Synthetic fingerprints make plastic particles tiny security keys

Microscopic wrinkles squeezed onto the surface of tiny plastic particles could be used to create security keys that are impossible to duplicate.

The randomly-generated wrinkles are a lot like our own fingerprints, says Derek Breid at Saint Vincent College in Pennsylvania. Since each set is completely unique, the particles could be used to verify a person’s identity instead of them using a security card, or their own fingerprint. The particles could also be fixed to a priceless piece of art so people can be sure it’s the real deal.

Security keys made this way would be nearly impossible to clone, says Wook Park at Kyung Hee University in South Korea who developed the technique along with his colleagues.

Their method involves coating plastic particles with a thin sheet of silica, then soaking them in ethanol and leaving them to dry. As the particles dry, wrinkles form in the silica layer, creating a fingerprint-like structure.

Tiny irregularities in temperature, or the presence of dust or other particles influence the patterns to make them unique. “It’s a very chaotic process,” says Breid, which would make it almost impossible for anyone to accurately recreate a wrinkle pattern.

Creating them this way is much easier and cheaper than using a laser to etch in a specific maze of wrinkles. “It’s really useful not having expensive fabrication techniques,” he says.

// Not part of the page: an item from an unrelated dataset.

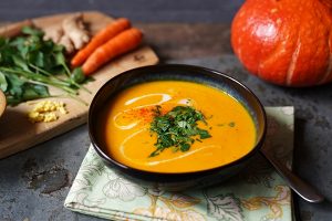 Der Hokkaido-Kürbis eignet sich wunderbar für Suppen. Neben der klassischen Kürbissuppe ist hier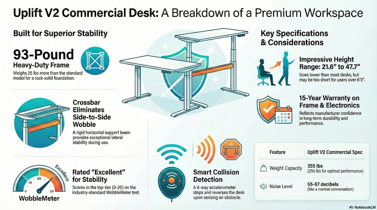 The term “commercial grade” gets thrown around a lot in furniture marketing, but with the Uplift V2 Commercial, the designation actually means something tangible. We’re talking about a frame that weighs 93 pounds compared to the standard V2’s 68 pounds.

Although the generation of the patterns is largely random, Park and his team developed a way of controlling where some of the wrinkles form. After they hardened parts of the plastic particles by exposing them to light, each hardened dot formed a “decision point” where the wrinkles either finish, bend or split.

Now found on tiny plastic particles too  Clouds Hill Imaging Ltd/Science Photo LibraryNow found on tiny plastic particles too Clouds Hill Imaging Ltd/Science Photo Library

Being able to control at least some of these parameters could be handy for sharing messages. Manipulating a group of particles in the same way – exposing them to the same pattern of light, for example – could create a matched set with similar decision points. Although the overall fingerprint will still be random, a scanner reading the particle would be able to recognise the location of the decision points and thus know that a particular key, like a security card, belonged with a group of similar keys – that is, they open the same door, so they can be shared among a group who gets access to a message.

Jan Genzer at North Carolina State University is impressed with the results. “You can have pretty good control over the length and shape of the wrinkles,” he says.

Park and his team are now working on creating a less bulky scanner to inspect the patterns. They think a conductive scanner that reads electrical information from the surface might be more practical for use in security systems.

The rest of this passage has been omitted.